The year that I was four I made the same heinous grimace when anyone tried to take my picture. My mom called it my look, as in: “Stop doing your look!” or, more recently, “Remember when you ruined every family photo with your look?” In the group shots from that year in the mid- 80s my parents, aunts, and grandparents look exasperated and my brothers, even the little one who’s only two, look sweet and nervous. My look was part of a pattern of behaviors that continue to this day and that, taken together, compose what my mother hates about me. But, recently when I asked her why she thought I did it, she said that it made sense to her: “I think you started right around the time people started telling you that you were a pretty little girl and that really bugged you.” Around the time of that conversation, I told her that my friend Jules was writing a book about trans kids’ history. I asked her whether she thought I had strong ideas about my gender when I was little. “I don’t know,” she said, “you were always talking to yourself and pretending to be someone else anyway. I think you mostly just wanted people to leave you alone.”
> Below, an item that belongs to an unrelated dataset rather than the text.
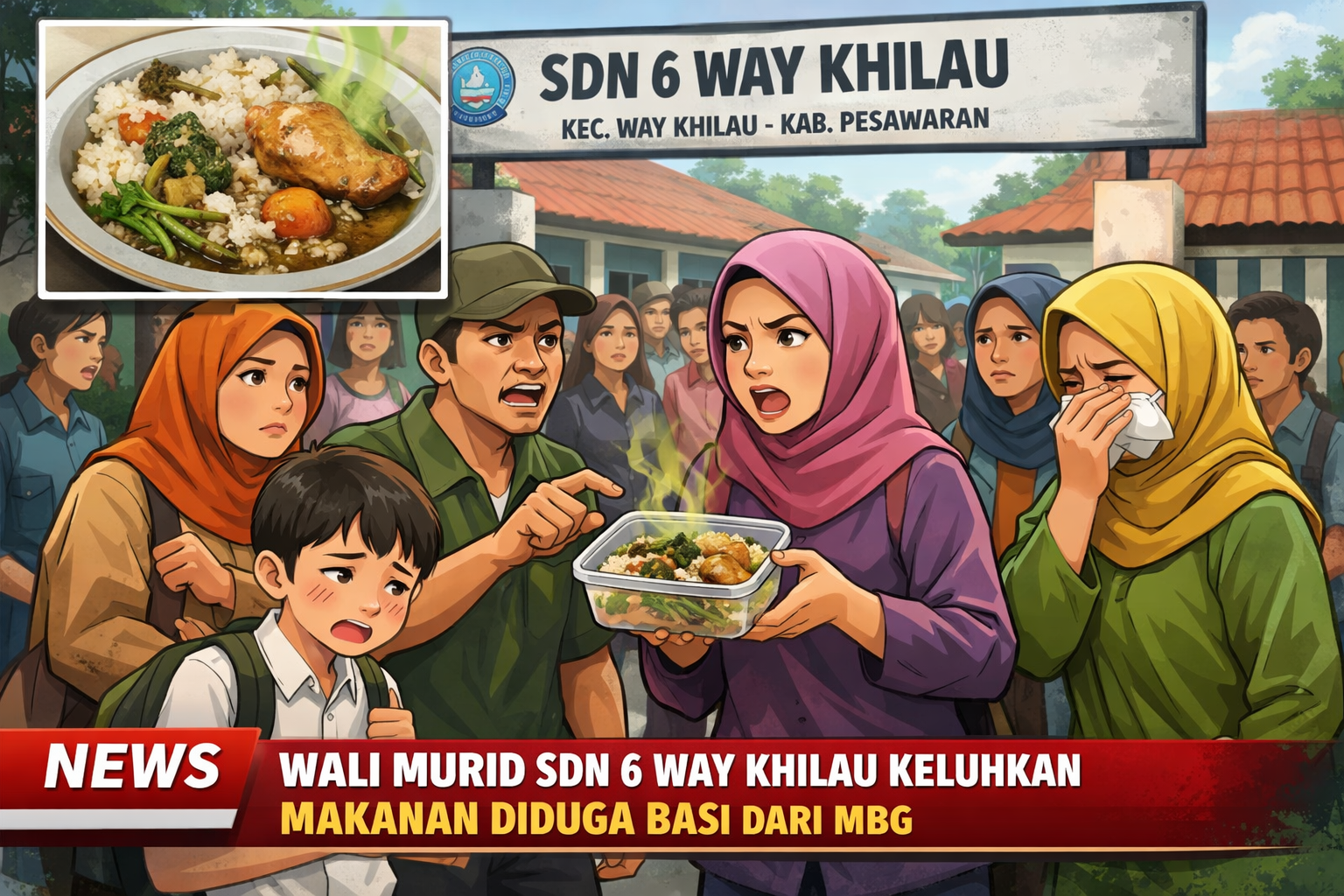 Infojejama.com // Pesawaran – Program Makan Bergizi Gratis (MBG) yang digulirkan di Kecamatan Way Khilau menuai sorotan dari wali murid. Salah satu wali murid SD Negeri 6 Way Khilau, Rudi Jober, mengaku sangat menyayangkan adanya dugaan pemberian makanan yang sudah basi kepada anak-anak sekolah pada Jumat, 5 Februari 2026.
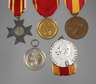 versilberte Verdienstmedaille Friedrich II; Kriegsverdienstkreuz 1916, Zink, Vergoldung fast völlig abgerieben; Dienstauszeichnung 3. und 2. Klasse, sowie bronzene Regierungsjubiläumsmedaille 1901, altersgemäßer Zustand, Bänder teilweise neuzeitlich.

I’ve spent the last year looking to the left from a prone position at the inside of my ovaries and uterus, hazily imaged on screens. My gynecologist has shown me dye whirling through my fallopian tubes and pointed out a shadow on the ultrasound that was the scar left by the egg that my body had ovulated the month before. This began last November when my insurance company denied me coverage for IVF treatments. They said that the six months of carefully timed at-home inseminations I’d been conducting with the help of my friend weren’t adequate to establish a diagnosis of infertility. So, despite my doctor saying that it was not going to work, I embarked on a year of monthly medicalized intrauterine inseminations to prove I qualified for IVF coverage. This process involved multiple visits to the doctor every month for ultrasounds of my ovaries and uterus, taking pills to encourage the development of multiple egg follicles per cycle, and vial after ruby vial of blood to check that my hormone levels were conducive to achieving pregnancy.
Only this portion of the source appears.